In the execution unit, an instruction that writes part of a register merges the modified portion with the
current state of the other part of the register. Therefore, the dependency hardware can potentially
force a false dependency on the most recent instruction that writes to any part of the register.
In addition, an instruction that has a read dependency on any part of a given architectural register has
a read dependency on the most recent instruction that modifies any part of the same architectural
register.
Example 1
Avoid code such as the following, which writes to only part of a register:
mov al, 10 ; Instruction 1
mov ah, 12 ; Instruction 2 has a false dependency on instruction 1.

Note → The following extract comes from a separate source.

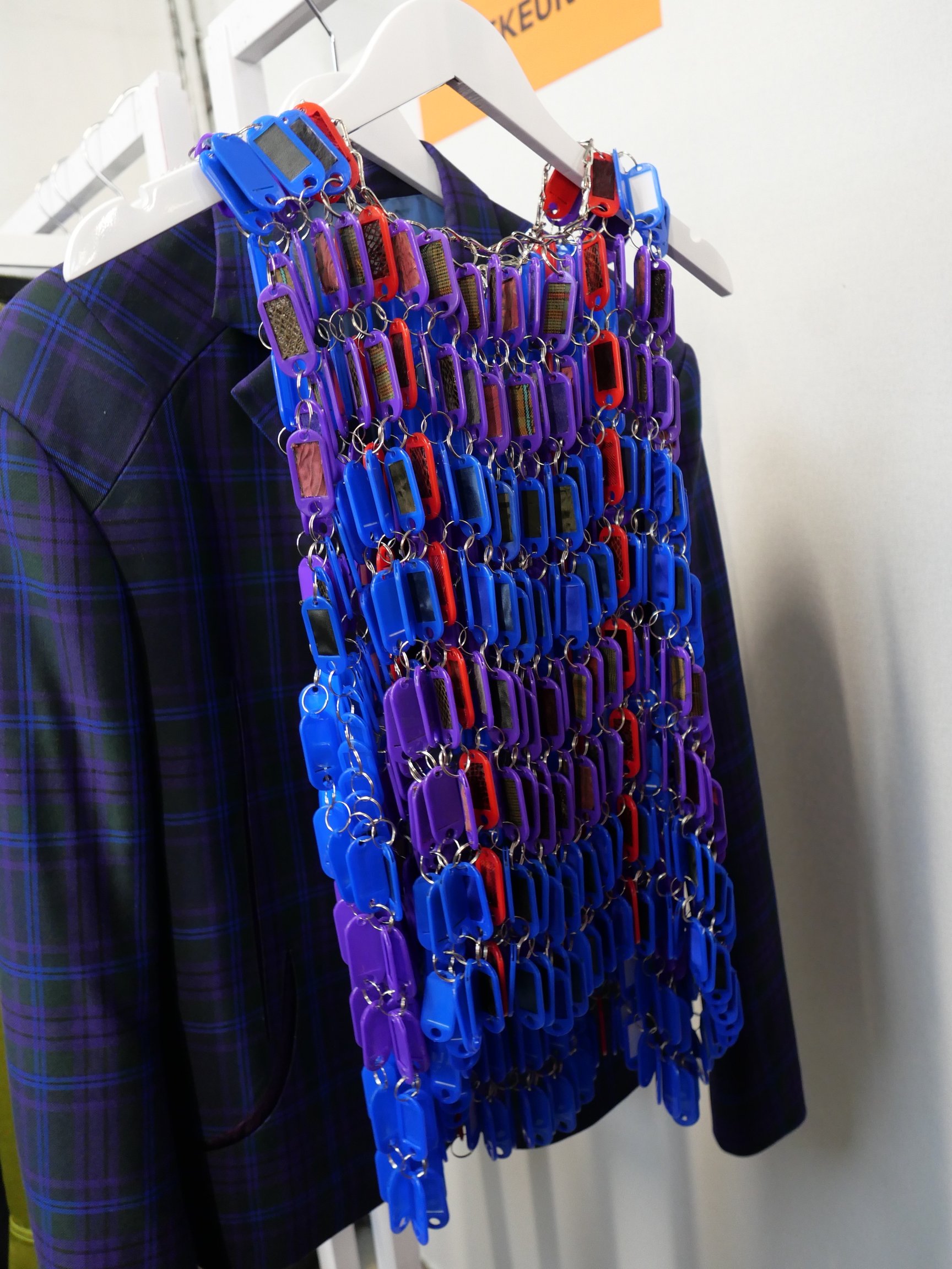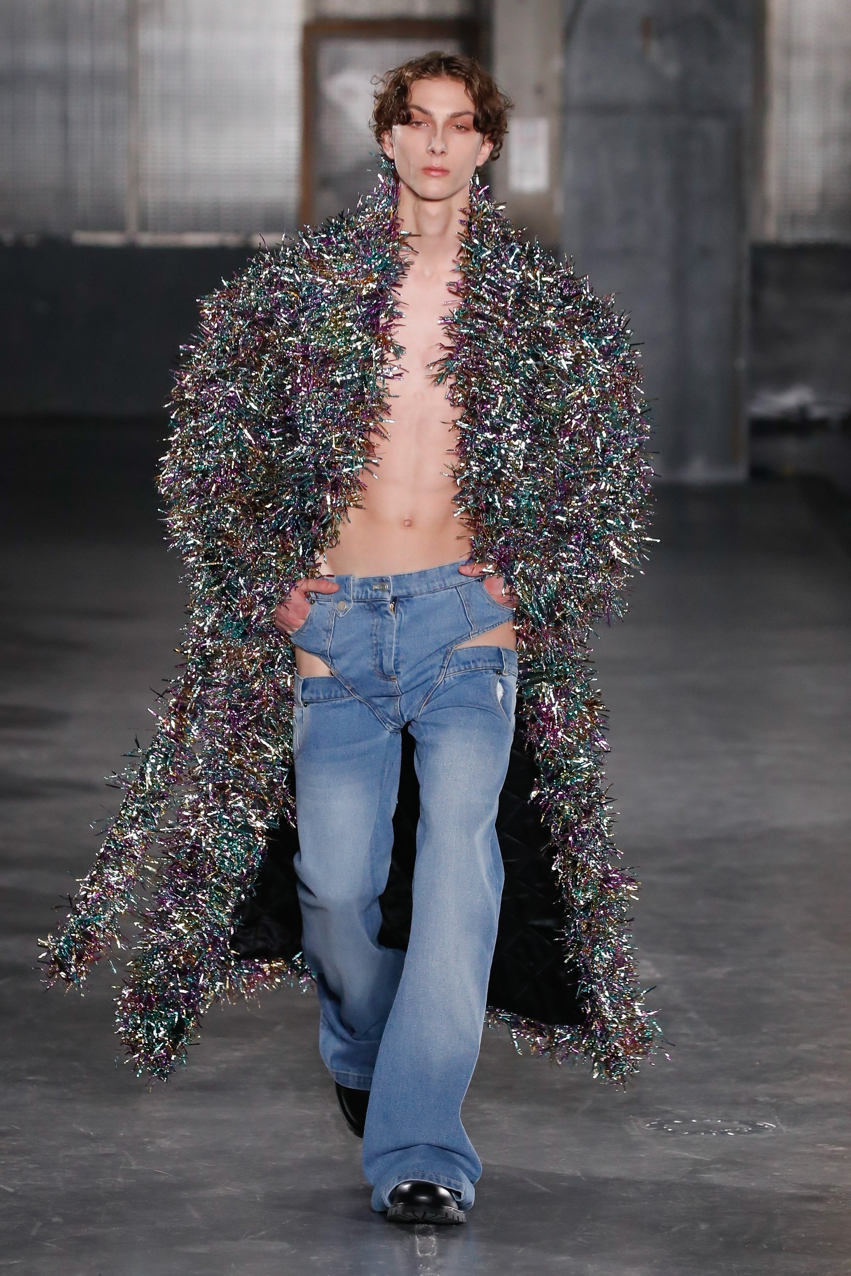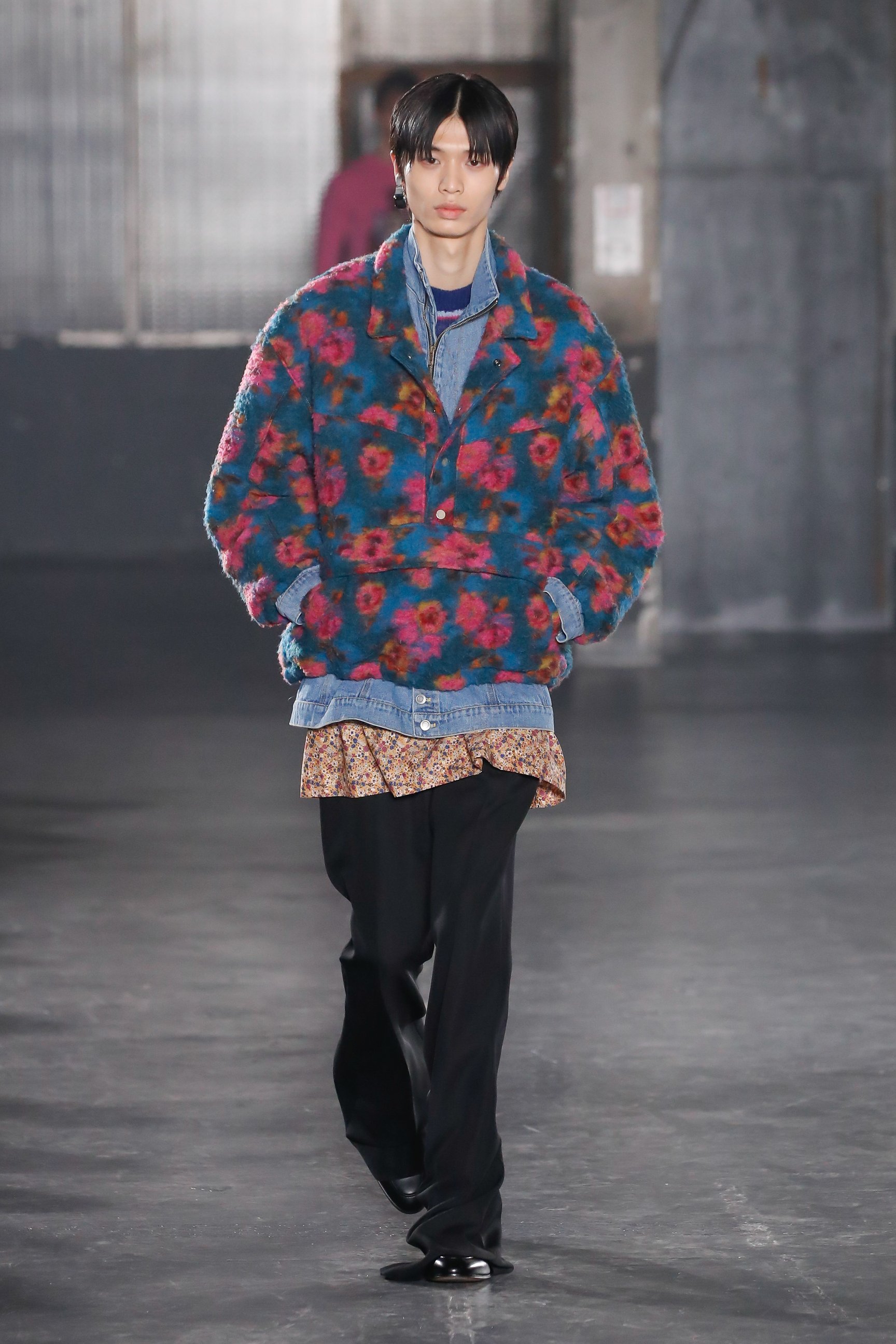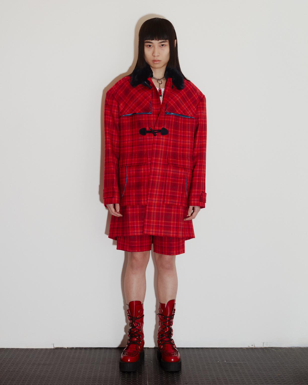 日本の血筋を引き、中国で暮らした経験もある韓国人デザイナー、ジェケウン・チョウ(Jekeun Cho)。一般大学を卒業したが、友人に勧められたウォン・カーウァイ(Wong Kar Wai)監督の「花様年華」に感化され、憧れだったファッションデザイナーの道に転向。ロンドンへ渡り、ロンドン・カレッジ・オブ・ファッションを卒業、2021年秋冬に自身のブランドをスタートした。ジェケウンが強く関心を注ぐのは人間の心理。心の内側を見せるように裏地をカッティングで露出させ、脳細胞を連想させる刺繍やニッティング、サイケデリックな柄や極彩色など、素材やテクニックなどあらゆる要素で人間の心理を表現している。

; Instruction 2 merges new AH with current EAX register
; value forwarded by instruction 1.
Example 2
Avoid code such as the following, which both reads and writes only parts of registers:
mov bx, 12h ; Instruction 1
mov bl, dl ; Instruction 2 has a false dependency on the completion
; of instruction 1.
mov bh, cl ; Instruction 3 has a false dependency on the completion
; of instruction 2.
mov al, bl ; Instruction 4 depends on the completion of instruction 2.